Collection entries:
BEGIN
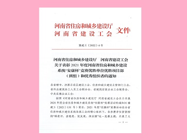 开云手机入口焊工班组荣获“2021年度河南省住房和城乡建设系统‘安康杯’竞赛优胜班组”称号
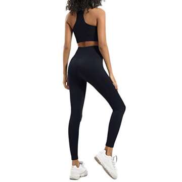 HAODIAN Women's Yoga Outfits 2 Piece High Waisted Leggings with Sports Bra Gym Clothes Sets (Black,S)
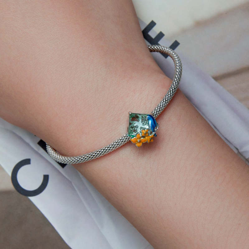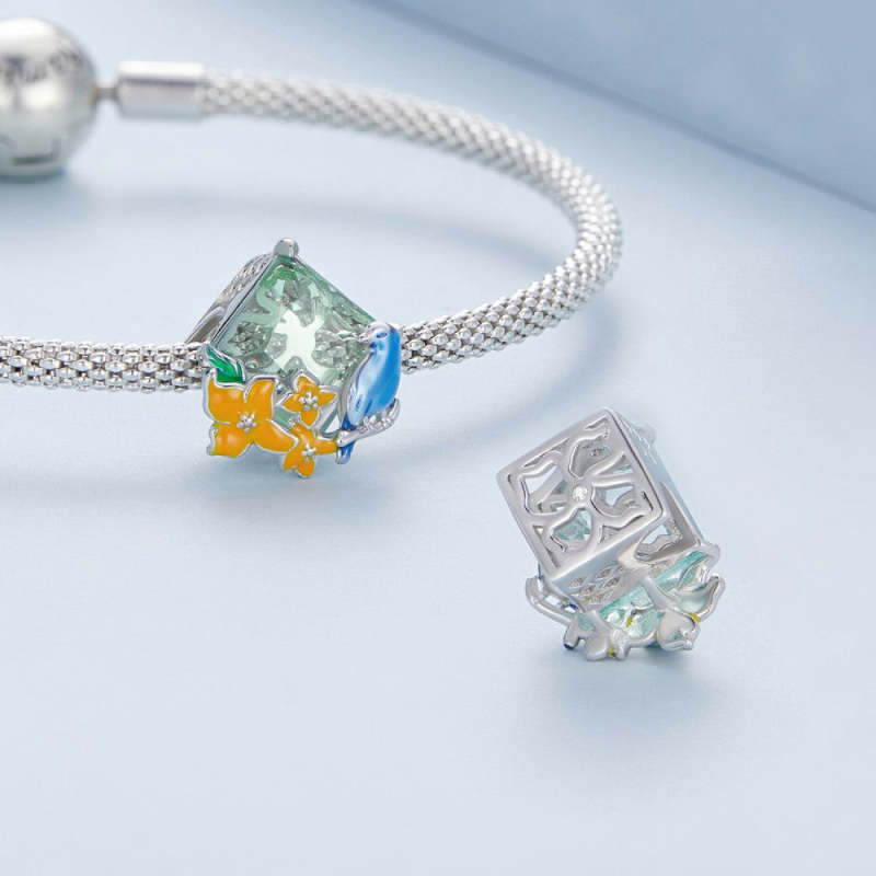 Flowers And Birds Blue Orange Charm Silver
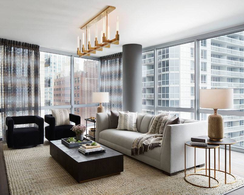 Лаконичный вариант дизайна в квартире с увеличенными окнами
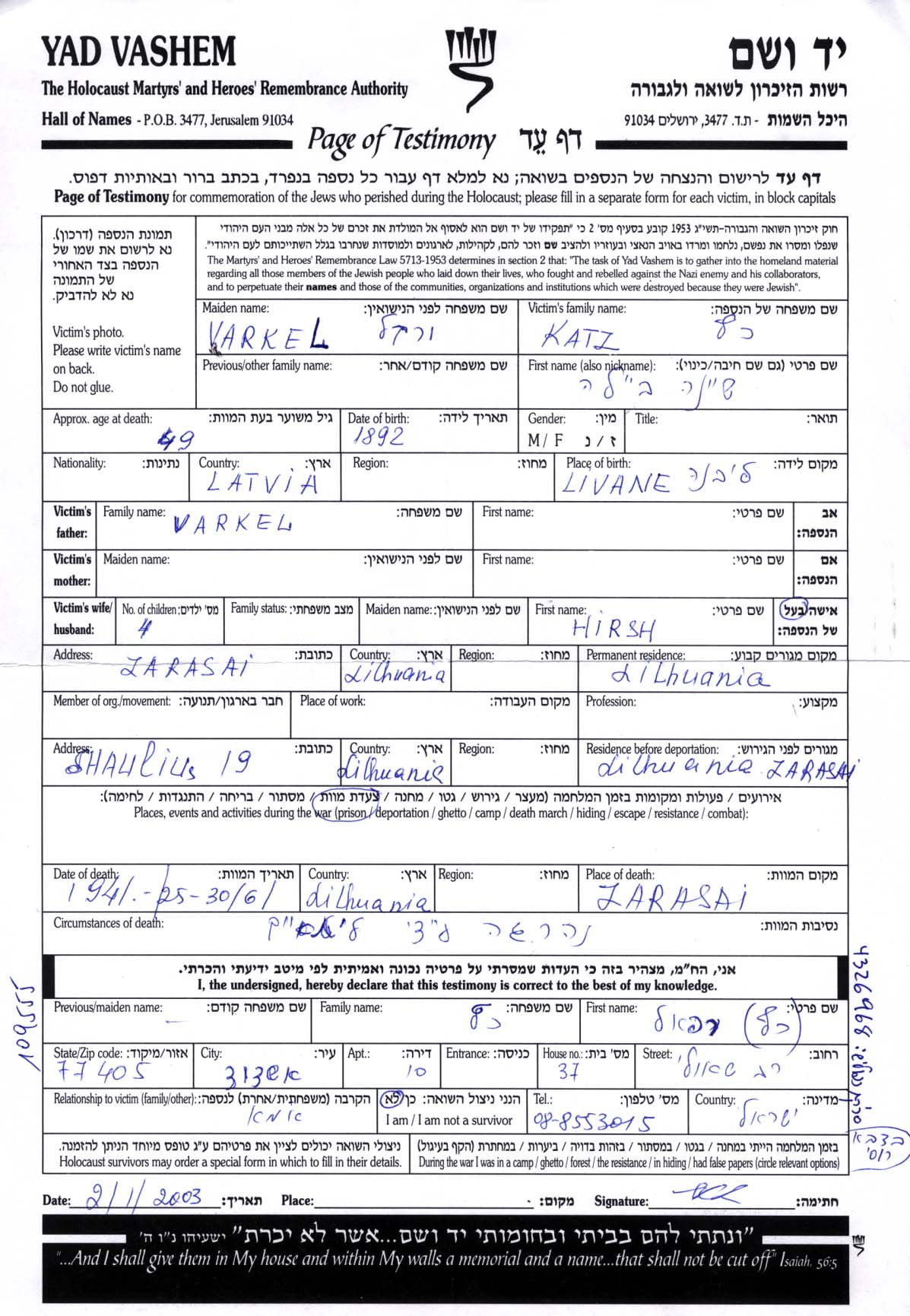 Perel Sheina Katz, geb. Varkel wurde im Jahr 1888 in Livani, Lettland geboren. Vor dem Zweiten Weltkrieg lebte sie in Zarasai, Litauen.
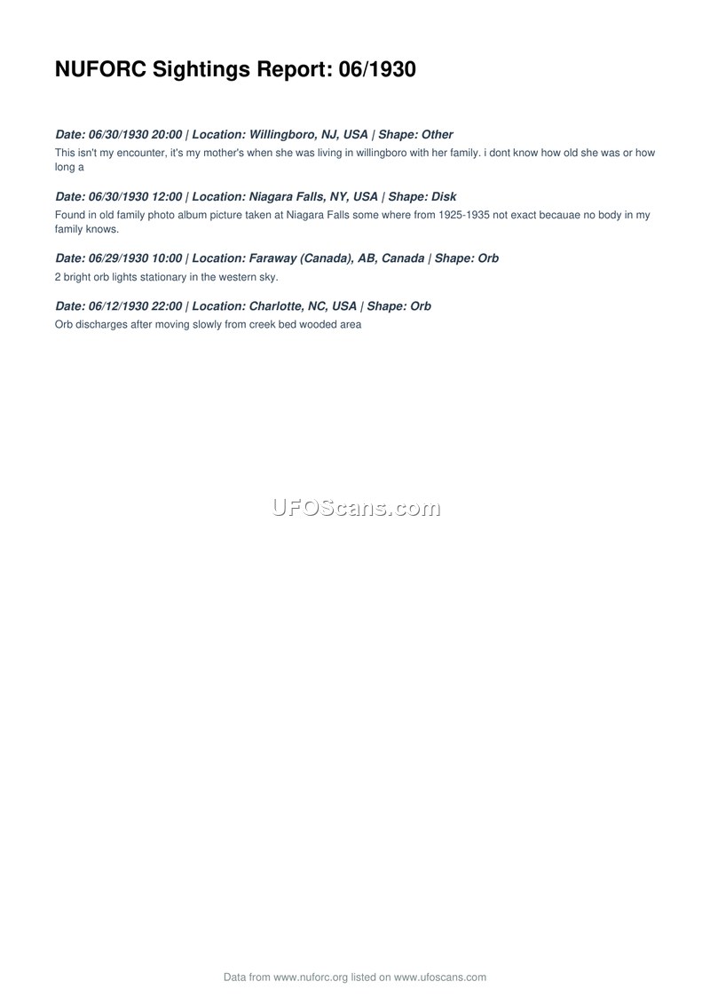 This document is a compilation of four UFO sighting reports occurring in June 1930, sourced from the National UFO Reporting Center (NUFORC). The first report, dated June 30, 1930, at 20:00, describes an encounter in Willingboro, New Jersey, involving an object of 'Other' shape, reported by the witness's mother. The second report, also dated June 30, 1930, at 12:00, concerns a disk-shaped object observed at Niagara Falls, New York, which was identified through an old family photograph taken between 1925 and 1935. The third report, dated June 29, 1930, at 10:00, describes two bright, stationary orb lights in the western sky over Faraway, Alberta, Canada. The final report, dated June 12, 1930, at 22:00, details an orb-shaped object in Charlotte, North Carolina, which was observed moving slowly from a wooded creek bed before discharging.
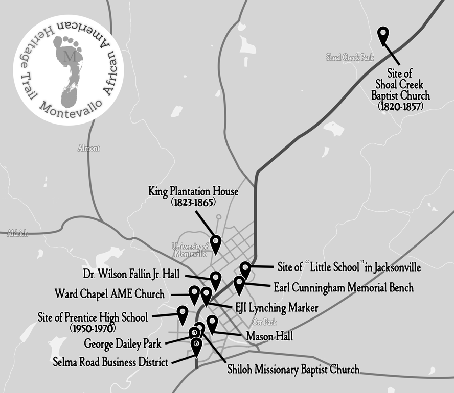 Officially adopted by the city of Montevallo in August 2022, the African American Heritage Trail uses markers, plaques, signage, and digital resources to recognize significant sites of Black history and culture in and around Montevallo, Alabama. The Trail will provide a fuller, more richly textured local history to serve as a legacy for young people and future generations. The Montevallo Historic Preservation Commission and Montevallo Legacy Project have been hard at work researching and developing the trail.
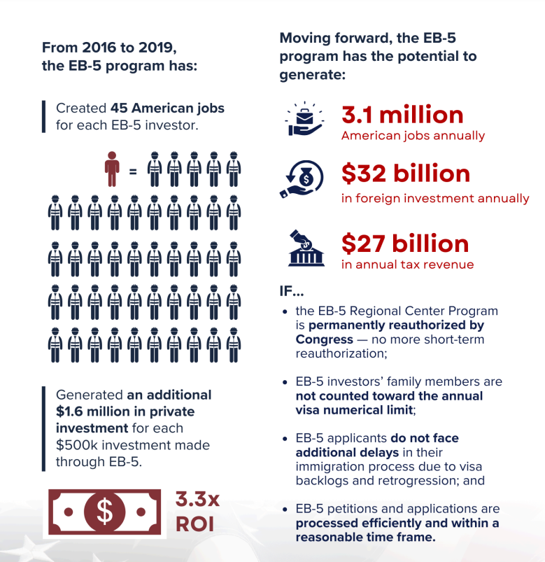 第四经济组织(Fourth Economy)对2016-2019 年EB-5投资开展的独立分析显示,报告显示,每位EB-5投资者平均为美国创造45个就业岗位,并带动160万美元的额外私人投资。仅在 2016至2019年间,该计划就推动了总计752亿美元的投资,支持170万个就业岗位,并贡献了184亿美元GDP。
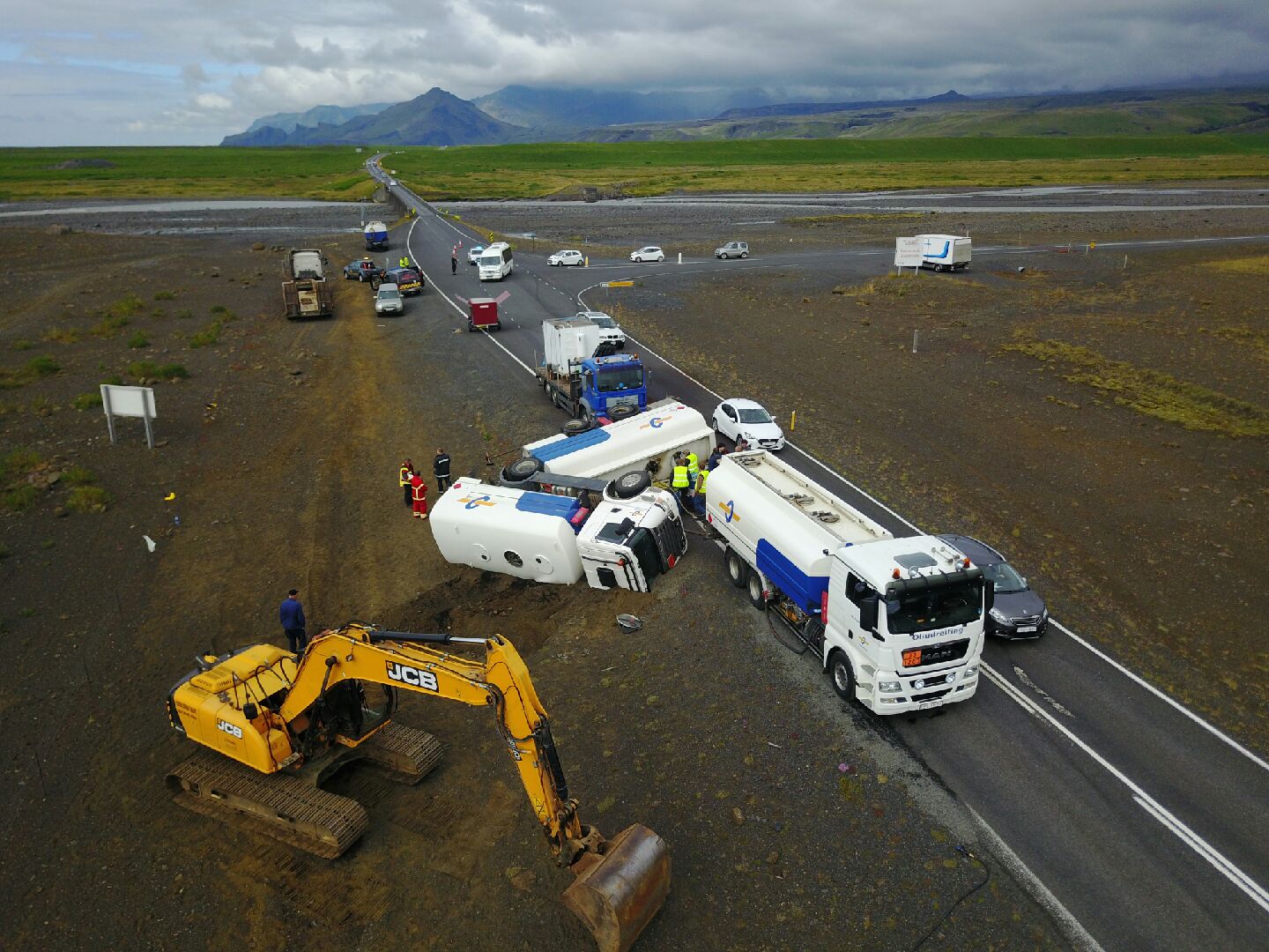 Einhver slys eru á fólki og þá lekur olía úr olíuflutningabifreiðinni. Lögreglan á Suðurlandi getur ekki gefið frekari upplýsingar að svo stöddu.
END
Nothing but the records above, retyped exactly and stripped of images, should appear in the answer.

§ TASK RESPONSE
 开云手机入口焊工班组荣获“2021年度河南省住房和城乡建设系统‘安康杯’竞赛优胜班组”称号
 HAODIAN Women's Yoga Outfits 2 Piece High Waisted Leggings with Sports Bra Gym Clothes Sets (Black,S)
 Flowers And Birds Blue Orange Charm Silver
 Лаконичный вариант дизайна в квартире с увеличенными окнами
 Perel Sheina Katz, geb. Varkel wurde im Jahr 1888 in Livani, Lettland geboren. Vor dem Zweiten Weltkrieg lebte sie in Zarasai, Litauen.
 This document is a compilation of four UFO sighting reports occurring in June 1930, sourced from the National UFO Reporting Center (NUFORC). The first report, dated June 30, 1930, at 20:00, describes an encounter in Willingboro, New Jersey, involving an object of 'Other' shape, reported by the witness's mother. The second report, also dated June 30, 1930, at 12:00, concerns a disk-shaped object observed at Niagara Falls, New York, which was identified through an old family photograph taken between 1925 and 1935. The third report, dated June 29, 1930, at 10:00, describes two bright, stationary orb lights in the western sky over Faraway, Alberta, Canada. The final report, dated June 12, 1930, at 22:00, details an orb-shaped object in Charlotte, North Carolina, which was observed moving slowly from a wooded creek bed before discharging.
 Officially adopted by the city of Montevallo in August 2022, the African American Heritage Trail uses markers, plaques, signage, and digital resources to recognize significant sites of Black history and culture in and around Montevallo, Alabama. The Trail will provide a fuller, more richly textured local history to serve as a legacy for young people and future generations. The Montevallo Historic Preservation Commission and Montevallo Legacy Project have been hard at work researching and developing the trail.
 第四经济组织(Fourth Economy)对2016-2019 年EB-5投资开展的独立分析显示,报告显示,每位EB-5投资者平均为美国创造45个就业岗位,并带动160万美元的额外私人投资。仅在 2016至2019年间,该计划就推动了总计752亿美元的投资,支持170万个就业岗位,并贡献了184亿美元GDP。
 Einhver slys eru á fólki og þá lekur olía úr olíuflutningabifreiðinni. Lögreglan á Suðurlandi getur ekki gefið frekari upplýsingar að svo stöddu.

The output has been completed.